3. TRANSLATE center coordinates into equation

• With center \((-4, 5)\): \(\mathrm{h} = -4\), \(\mathrm{k} = 5\)
• Substituting: \((\mathrm{x} - (-4))^2 + (\mathrm{y} - 5)^2 = \mathrm{r}^2\)
• SIMPLIFY: \((\mathrm{x} + 4)^2 + (\mathrm{y} - 5)^2 = \mathrm{r}^2\)

4. INFER how to find r²

• Since \((-8, 8)\) lies on the circle, these coordinates must satisfy our equation
• Substitute \(\mathrm{x} = -8\) and \(\mathrm{y} = 8\) into \((\mathrm{x} + 4)^2 + (\mathrm{y} - 5)^2 = \mathrm{r}^2\)

5. SIMPLIFY to find r²

• \((-8 + 4)^2 + (8 - 5)^2 = \mathrm{r}^2\)
• \((-4)^2 + (3)^2 = \mathrm{r}^2\)
• \(16 + 9 = \mathrm{r}^2\)
• \(25 = \mathrm{r}^2\)

6. Write the final equation

• \((\mathrm{x} + 4)^2 + (\mathrm{y} - 5)^2 = 25\)

Answer: D. \((\mathrm{x} + 4)^2 + (\mathrm{y} - 5)^2 = 25\)

Why Students Usually Falter on This Problem

Most Common Error Path:

Weak TRANSLATE skill: Students often get confused by the negative center coordinate and incorrectly write \((\mathrm{x} - 4)^2\) instead of \((\mathrm{x} + 4)^2\).

When they see center \((-4, 5)\), they might think: "The x-coordinate is -4, so I write \((\mathrm{x} - 4)^2\)"

But the standard form is \((\mathrm{x} - \mathrm{h})^2\), and when \(\mathrm{h} = -4\), this becomes \((\mathrm{x} - (-4))^2 = (\mathrm{x} + 4)^2\). Missing this sign relationship leads them to an equation with the wrong center, potentially selecting a choice that represents a circle centered at \((4, -5)\) instead of \((-4, 5)\).

Second Most Common Error:

Inadequate SIMPLIFY execution: Students correctly set up the equation but make arithmetic errors when calculating \(\mathrm{r}^2\).

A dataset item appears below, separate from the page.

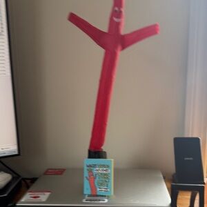 Fun red inflatable tube man desk toy. Perfect for adding a playful touch to your space.

They might compute \((-4)^2 + (3)^2\) incorrectly, perhaps getting \((-4)^2 = -16\) instead of \(+16\), or simply adding \(16 + 9\) incorrectly. This leads them to get \(\mathrm{r}^2 = 5\) instead of \(\mathrm{r}^2 = 25\), causing them to select choices with the wrong radius value.

The Bottom Line:

This problem tests whether students truly understand the relationship between center coordinates and the standard form equation, particularly handling negative coordinates correctly.